De volgende ochtend was ze vrij vroeg wakker geworden. De emoties van de afgelopen dagen kon ze nog goed voelen in haar lijf. Ze hoefde die dag gelukkig niet te werken, dus ze had alle tijd om het huis aan kant te maken en boodschappen te doen. Ze was met bezig de melk in de koelkast op te bergen toen ze een aanval kreeg. Snel zette ze de melk weg en ging zitten.Christel transpireerde nooit, maar nu gutste het zweet over haar hele lichaam. Ze voelde zich zwak en misselijk worden en begon te beven. Alles wat ze de afgelopen dagen had meegemaakt balde zich in haar lichaam samen tot een brok haat. Ze kreeg maar een woord door: Wraak. Ze stond op en ijsbeerde heen en weer. Wat moest ze nu doen? Ze hield met ijsberen en leunde met haar voorhoofd tegen de koele, gladde deur van de koelkast. Al was het het laatste wat ze op deze aardkloot zou doen; ZE ZOU DIE TEEF WEL KRIJGEN!!!

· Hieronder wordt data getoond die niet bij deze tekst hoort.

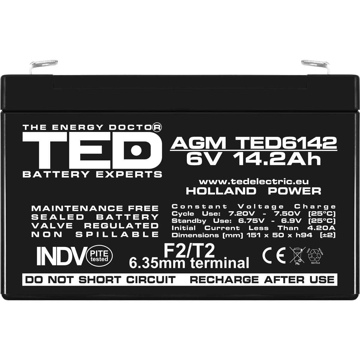 Acumulator 6V Stationar VRLA, Dimensiuni 151 x 50 x 95 mm, Baterie 6V 14.2Ah F2, TED Electric TED003034
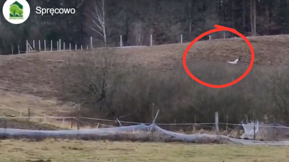 Mieszkańcy niewielkiej wsi Spręcowo, położonej w województwie warmińsko-mazurskim, w powiecie olsztyńskim, przeżyli niecodzienną niespodziankę. Na nagraniu opublikowanym 1 lutego na profilu społecznościowym "Spręcowo" uchwycono lecącego bociana.
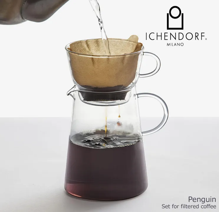 100年余の歴史を誇るイタリアのイッケンドルフ社は、デザイナー・アーティストとガラス職人との密接なコラボレーションを大切にするガラスブランド。高品質で透きとおる美しさ、独自の世界観を持ち、極限までシンプルで洗練されたデザインが魅力。職人による手吹き作業で一つ一つ作られています。同一素材のコーヒーポットとフィルター、フィルター用のソーサー(受け皿)もセットされたコーヒーポット3点セット。
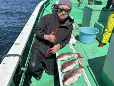 松輪・大松丸 マダイ船 4月9日 マダイ 0~4枚 0.8~3.5kg 3隻の高低
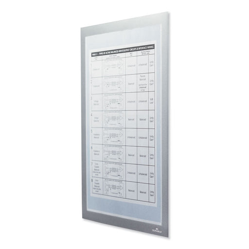 Magnetic infoframe displays documents on metallic surfaces in production area and offices, such as whiteboards, metal cabinets, racking and machine...
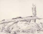 | piirustus: Kivi ja katkennut puu |
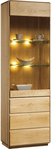 Ta oferta dotyczy witryny pojedynczej, lewostronnej z linii ATLANTA, TYP 10 wyposażonej w dwie półki szklane oraz trzy pojemne, z cichym domykiem szuflady, świetnej propozycji praktycznego, funkcjonalnego mebla do wnętrza salonu.

Waarom hadden Winnie en Marian ook nog niet gebeld. Ze zat zich hier moederziel alleen op te vreten. Uit pure frustratie balde ze haar vuisten. What the Hell! Zo groot kunnen die Ardennen toch ook niet zijn. Er was vast een jeugdherberg of iets dergelijk die gespecialiseerd was in het opvangen van survivaltocht survivors. Ze rende naar de slaapkamer, trok onderweg een reiskoffer uit de linnenkast en begon alles wat ze dacht nodig te hebben in de koffer te smijten. Als Mozes niet naar de berg kwam, kwam deze wel naar hem. Wat die berg kan, kan ik ook, dacht ze, ondertussen de overvolle koffer dichtritsend.
Ze vloog de trappen af naar beneden waar ze als een idioot naar pen en papier zocht. Zoals gewoonlijk lagen ze naast de telefoon. Met de bloknote in haar hand begon ze te schrijven:

"Beste Eric en Caspar,
De muren komen hier op me af. Ga nu naar de Ardennen om Winnie te zoeken. Zo moeilijk kan het toch niet zijn om een zwarte pot in survivalbroek te vinden? Is het waarschijnlijk wel, maar ik moet toch wat.
Wil je de poes en planten verzorgen? Ik bel je nog,
Alvast bedankt,
Chris.
P.S. ik ben zo brutaal geweest mijn telefoon naar jouw nummer door te schakelen. Als Winnie of Marian alsnog bellen, zeg dan dat ik de mobiel bij me heb.
P.P.S. de cactus heeft echt geen water nodig.
Liefs, xxx "

Ze keek nog eenmaal om zich heen voor ze de deur dichttrok en op slot deed. Gas en licht waren uit. Portemonnaie zat in d'r jas. Autosleutels hingen aan de voordeurbos. Ze wurmde zich door het rijtje coniferen die haar huis van die van Eric scheidde en vervloekte de bewoner van wie ze het huis had overgenomen. Welke klootzak wil nou coniferen in de tuin?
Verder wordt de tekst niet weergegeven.